On one side of the debate was the ISO 8000 definition of data quality that posits “quality data is data that meets stated requirements.” Damhof doesn’t agree and offered an alternative definition that I will slightly paraphrase as “quality data is data that has value to some person at some time.”
Damhof’s point was that not only is quality relative, but it varies over time. “Something that is perceived as high quality by someone now,” Damhof explained, “can be perceived as being of low quality a year later. So quality is never in a fixed state, it is always moving, fluently through time.” Furthermore, Damhof argued that it is possible to “meet stated requirements (voiced by person X at time Y) but still deliver a crappy quality.” On that point, I’ll use what I love as much as data—coffee (after all, data is the new coffee)—to explain why I agree with Damhof.
I require coffee as soon as I wake up in the morning. This has been a requirement of mine for over 25 years.
I can get quite cranky when this requirement is not met. Case in point, this past Sunday morning I awoke to discover that my coffee maker was not working. My ensuing tantrum may have lead my neighbors to believe that I had discovered the dead body of a loved one on the kitchen floor. In my coffee-deprived delirium, I stumbled like an undead zombie to the nearest open store to purchase a new coffee maker. After getting it home and brewing some fresh coffee, I drank several cups while my reanimated corpse did a happy dance.
It is important to note that so far meeting my requirement for morning coffee has said nothing about its quality.
To Damhof’s first point, my coffee quality standards have changed over time. I grew up drinking drip-brewed percolated coffee from pre-ground beans. In my early twenties, I became one of those coffee snobs who insisted on grinding the beans myself and steeping them in a coffee press. In my late twenties and early thirties, I extended my coffee snobbery to mostly drinking only espressos and lattes. In my late thirties, I surprisingly started slumming it with instant coffee.
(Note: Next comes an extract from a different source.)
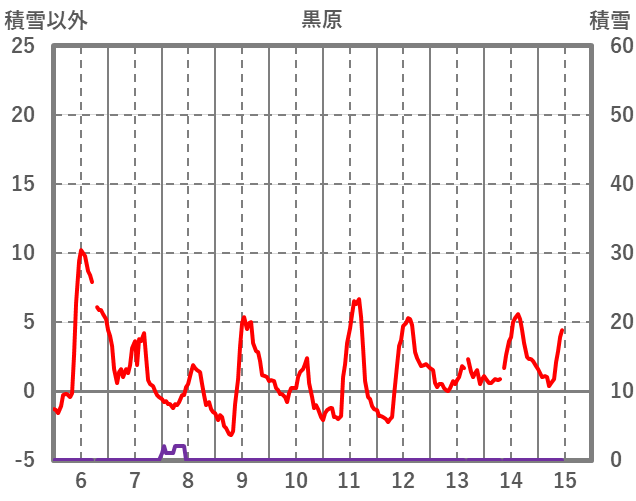 | 日 | 時 | 気温 | 降水 | 風向/風速 | 日照 | 積雪 | 降雪 |

Now in my forties, I prefer coffee makers that use those single-serving coffee pods.
It’s Damhof’s other point I find most intriguing—you can meet stated requirements but still deliver crappy quality.
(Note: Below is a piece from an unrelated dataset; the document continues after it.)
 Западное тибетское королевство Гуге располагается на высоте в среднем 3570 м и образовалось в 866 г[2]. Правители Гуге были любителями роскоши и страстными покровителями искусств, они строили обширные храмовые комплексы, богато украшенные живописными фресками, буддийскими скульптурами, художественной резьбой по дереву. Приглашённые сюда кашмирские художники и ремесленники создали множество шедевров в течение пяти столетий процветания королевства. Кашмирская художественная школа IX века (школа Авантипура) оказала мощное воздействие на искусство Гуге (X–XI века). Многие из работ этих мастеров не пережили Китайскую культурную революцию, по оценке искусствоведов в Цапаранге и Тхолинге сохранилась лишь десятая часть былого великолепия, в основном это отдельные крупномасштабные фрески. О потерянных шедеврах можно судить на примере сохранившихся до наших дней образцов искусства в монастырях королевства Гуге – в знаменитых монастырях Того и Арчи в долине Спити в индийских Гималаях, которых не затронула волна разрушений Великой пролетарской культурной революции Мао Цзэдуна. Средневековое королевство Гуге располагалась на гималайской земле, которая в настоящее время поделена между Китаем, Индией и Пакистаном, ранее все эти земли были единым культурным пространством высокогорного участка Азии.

One reason could be low quality standards, such as when I found instant coffee sufficient to meet my requirement for morning coffee. Another reason, quite common with big data, is bad data is as good as you can get at the time.
I say a bad cup of coffee is better than no coffee at all. Charles Babbage, the grandfather of computer science, said, “errors using inadequate data are much less than those using no data at all.”